Introduction During the last penetration test, I performed an Evil Twin attack, which involves setting up a fake access point with the same name as the legitimate one.
Due to improper configuration of endpoint devices (e.g., computers, phones, tablets), users could accept an incorrect (fake, generated by the auditor) certificate identifying the network. This led to a successful capture of the authentication segment of the communication. Subsequently, the auditor subjected the captured data to brute-force attacks, resulting in the retrieval of credentials.
The captured credentials are domain credentials, meaning several systems rely on a central authentication system (most likely Active Directory), which could enable an attacker to conduct further attacks.
Following network reconnaissance, it was established that the two networks are WPA/WPA-2 Enterprise networks, which require a device certificate, as well as a username and password, for authentication. Wi-Fi clients, however, have the option to either follow the authentication method proposed by the access point or select their own. The standard configuration for Windows, macOS, Linux, Android, and iOS allows bypassing the certificate section and directly entering the username and password.
In the subsequent step, users receive a notification about an untrusted certificate (similar to the HTTPS Man-in-the-Middle attack scenario), and it is up to the user to decide whether to transmit credentials over an insecure channel.
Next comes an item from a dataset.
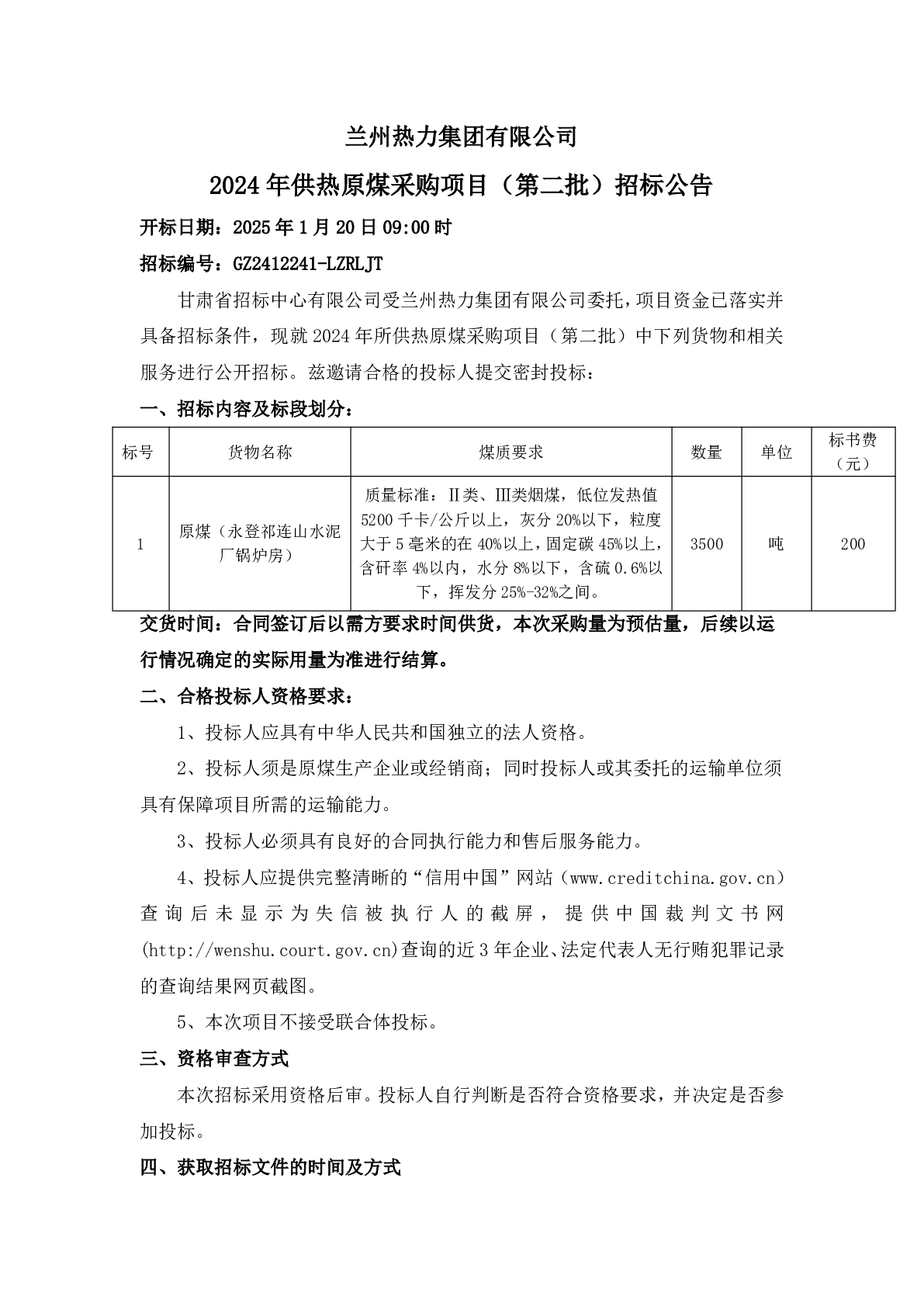 蘭州熱力集團有限公司 2024 年供熱原煤采購項目(第二批)招標公告

Best practices indicate that it is safest when users cannot accept a fake certificate, as described in the following section.
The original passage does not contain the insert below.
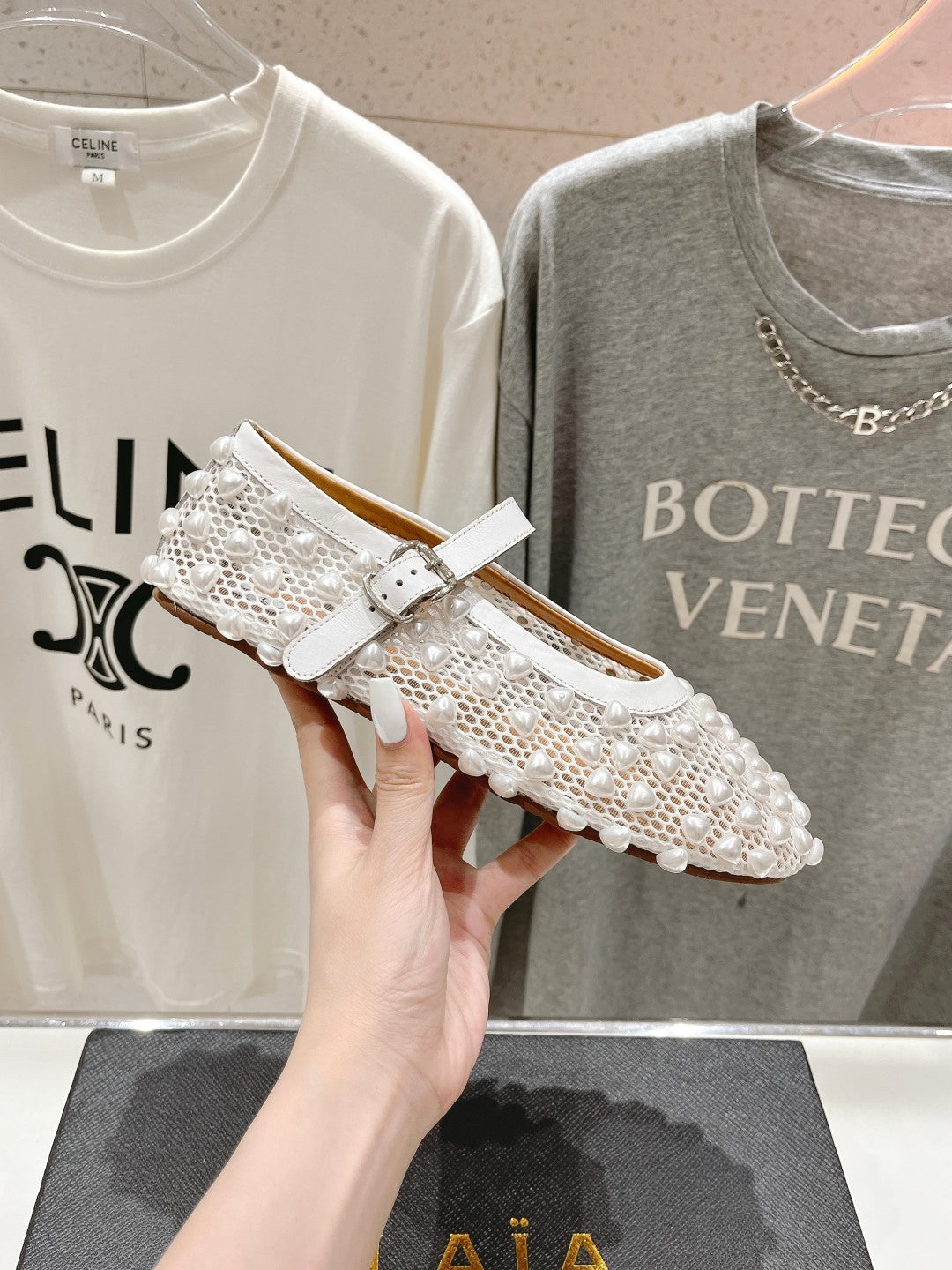 ALAIA PEARL MARY JANE SHOES IN WHITE MESH AND CALFSKIN

The attack The attack was conducted using the eaphammer tool: https://github.com/s0lst1c3/eaphammer
The first step involved generating a certificate (a fake certificate was generated containing the phrases "COMPANY_NAME" and "COMPANYNAMECA" to build trust). The next step is to activate the tool and start listening:
The first result appeared almost immediately:
After cracking harvesting credentials, password was obtained in hash.
This was next cracked, with the hashcat tool. https://hashcat.net/hashcat/
The auditor was unable to verify whether these credentials were valid (the cracking process completed a day after the audit), however, the mere possibility of capturing such credentials necessitates rating the severity of this vulnerability as CRITICAL.
In this case malicious actors can then access internal network and perform further attacks.
Recommendation It is recommended to implement changes on endpoint devices (phones, computers, tablets, etc.), enforcing network connections only if the network presents a valid certificate (i.e., issued by an internal CA) with a clearly defined Common Name (CN). If devices are managed through an MDM solution, this will be the optimal place to enforce such changes.